What is needed:
Filter the material, keeping only lines with the word "home".

Input records:
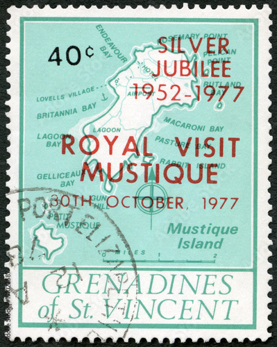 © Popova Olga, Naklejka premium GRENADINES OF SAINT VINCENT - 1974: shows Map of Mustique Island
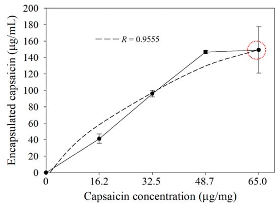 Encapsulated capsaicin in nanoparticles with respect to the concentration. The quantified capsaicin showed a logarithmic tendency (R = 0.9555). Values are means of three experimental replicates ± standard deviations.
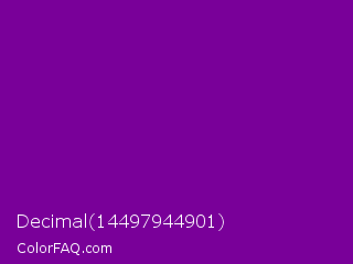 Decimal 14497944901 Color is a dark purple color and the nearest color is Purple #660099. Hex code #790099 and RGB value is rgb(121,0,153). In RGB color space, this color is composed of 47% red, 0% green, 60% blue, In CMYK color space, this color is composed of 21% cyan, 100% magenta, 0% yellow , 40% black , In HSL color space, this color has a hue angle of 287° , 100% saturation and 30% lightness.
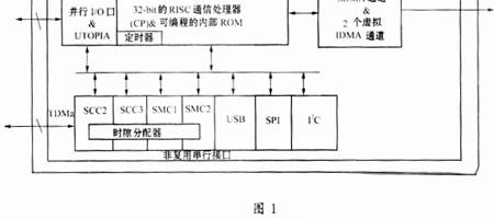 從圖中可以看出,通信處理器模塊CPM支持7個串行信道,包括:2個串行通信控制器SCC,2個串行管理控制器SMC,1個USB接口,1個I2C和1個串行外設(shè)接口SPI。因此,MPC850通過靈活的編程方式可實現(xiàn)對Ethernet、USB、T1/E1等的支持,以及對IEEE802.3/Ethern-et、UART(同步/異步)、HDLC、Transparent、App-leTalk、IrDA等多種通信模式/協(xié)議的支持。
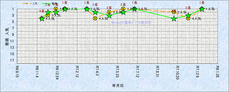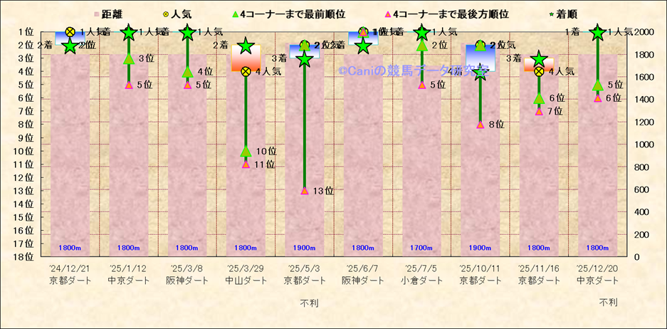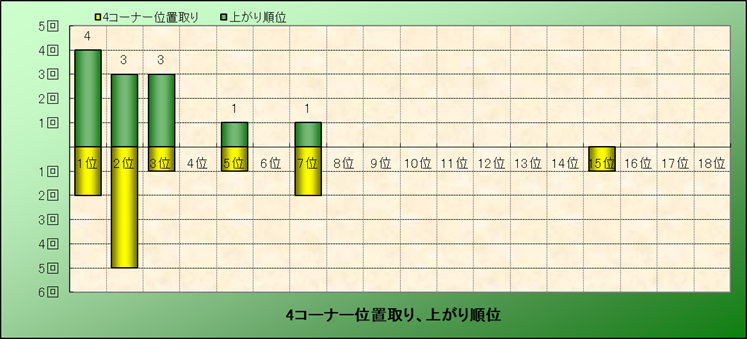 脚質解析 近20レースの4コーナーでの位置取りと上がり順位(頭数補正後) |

---

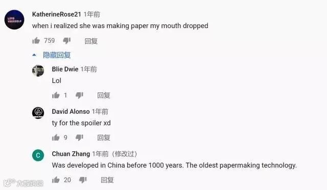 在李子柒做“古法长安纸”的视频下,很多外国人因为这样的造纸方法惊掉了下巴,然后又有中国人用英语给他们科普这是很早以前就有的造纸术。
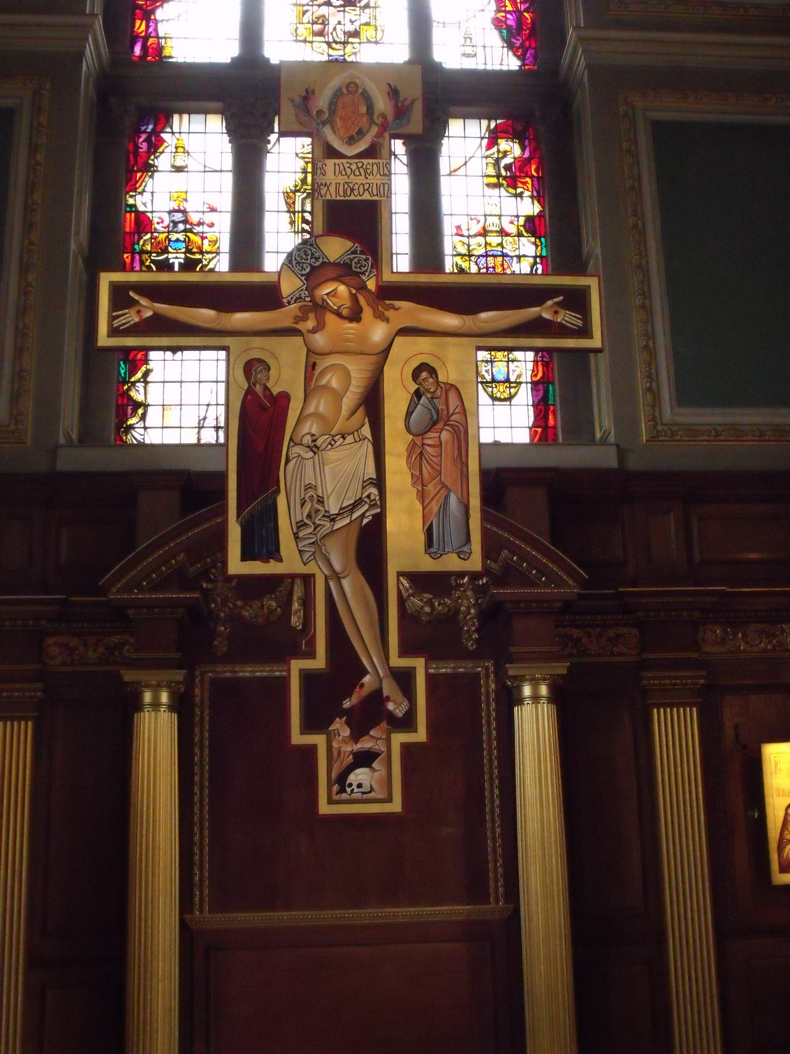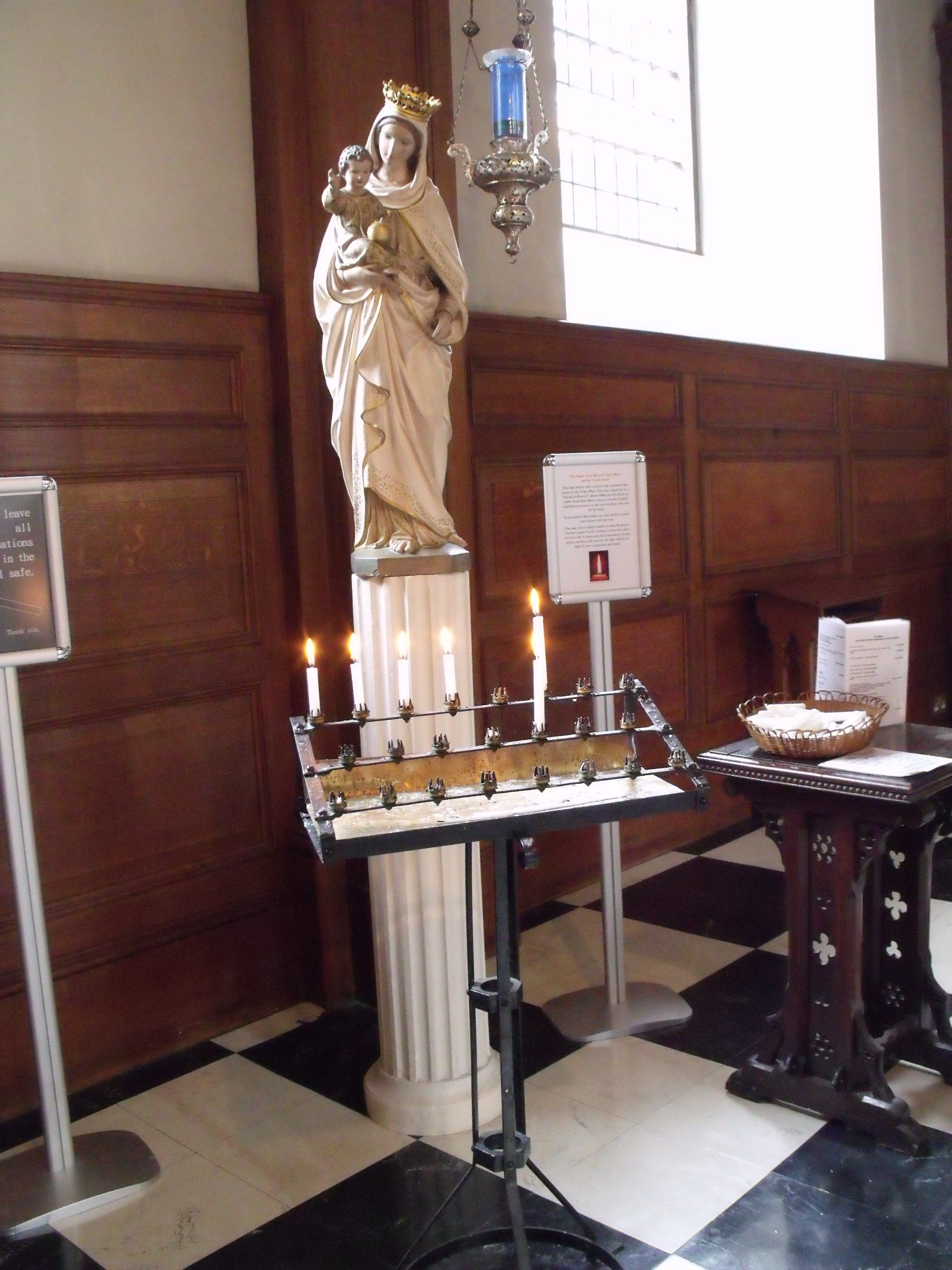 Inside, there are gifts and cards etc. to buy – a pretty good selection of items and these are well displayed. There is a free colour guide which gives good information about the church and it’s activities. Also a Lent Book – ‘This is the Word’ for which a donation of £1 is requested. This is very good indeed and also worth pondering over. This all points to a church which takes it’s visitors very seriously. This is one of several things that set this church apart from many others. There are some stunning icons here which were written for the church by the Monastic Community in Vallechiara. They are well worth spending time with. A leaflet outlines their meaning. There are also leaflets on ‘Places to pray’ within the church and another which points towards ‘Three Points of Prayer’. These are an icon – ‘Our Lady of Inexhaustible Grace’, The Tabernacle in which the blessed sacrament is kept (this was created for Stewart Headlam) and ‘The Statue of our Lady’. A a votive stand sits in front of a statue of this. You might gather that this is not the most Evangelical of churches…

---

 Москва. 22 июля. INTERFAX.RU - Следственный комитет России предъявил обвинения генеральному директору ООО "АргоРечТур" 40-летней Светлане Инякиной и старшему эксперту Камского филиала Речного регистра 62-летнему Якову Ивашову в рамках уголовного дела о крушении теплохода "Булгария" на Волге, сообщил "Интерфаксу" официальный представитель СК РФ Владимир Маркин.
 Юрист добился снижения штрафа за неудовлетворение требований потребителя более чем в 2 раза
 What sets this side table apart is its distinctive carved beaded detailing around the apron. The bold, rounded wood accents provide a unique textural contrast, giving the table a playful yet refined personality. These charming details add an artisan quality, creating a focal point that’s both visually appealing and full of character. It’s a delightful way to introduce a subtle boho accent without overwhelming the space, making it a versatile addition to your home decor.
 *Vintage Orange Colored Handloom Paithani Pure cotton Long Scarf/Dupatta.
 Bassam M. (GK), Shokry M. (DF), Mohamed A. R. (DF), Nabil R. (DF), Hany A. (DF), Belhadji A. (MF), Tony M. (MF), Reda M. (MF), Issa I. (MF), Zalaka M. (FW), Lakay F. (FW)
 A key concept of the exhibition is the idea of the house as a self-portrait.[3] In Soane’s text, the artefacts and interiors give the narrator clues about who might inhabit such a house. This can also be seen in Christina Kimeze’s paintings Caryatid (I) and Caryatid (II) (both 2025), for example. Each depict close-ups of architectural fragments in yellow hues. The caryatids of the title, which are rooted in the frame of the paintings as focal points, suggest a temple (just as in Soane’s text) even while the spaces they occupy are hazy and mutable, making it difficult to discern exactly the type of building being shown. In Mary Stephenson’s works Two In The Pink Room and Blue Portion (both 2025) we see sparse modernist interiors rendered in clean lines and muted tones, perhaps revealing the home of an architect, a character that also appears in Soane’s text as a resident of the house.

Task result:
 What sets this side table apart is its distinctive carved beaded detailing around the apron. The bold, rounded wood accents provide a unique textural contrast, giving the table a playful yet refined personality. These charming details add an artisan quality, creating a focal point that’s both visually appealing and full of character. It’s a delightful way to introduce a subtle boho accent without overwhelming the space, making it a versatile addition to your home decor.
 A key concept of the exhibition is the idea of the house as a self-portrait.[3] In Soane’s text, the artefacts and interiors give the narrator clues about who might inhabit such a house. This can also be seen in Christina Kimeze’s paintings Caryatid (I) and Caryatid (II) (both 2025), for example. Each depict close-ups of architectural fragments in yellow hues. The caryatids of the title, which are rooted in the frame of the paintings as focal points, suggest a temple (just as in Soane’s text) even while the spaces they occupy are hazy and mutable, making it difficult to discern exactly the type of building being shown. In Mary Stephenson’s works Two In The Pink Room and Blue Portion (both 2025) we see sparse modernist interiors rendered in clean lines and muted tones, perhaps revealing the home of an architect, a character that also appears in Soane’s text as a resident of the house.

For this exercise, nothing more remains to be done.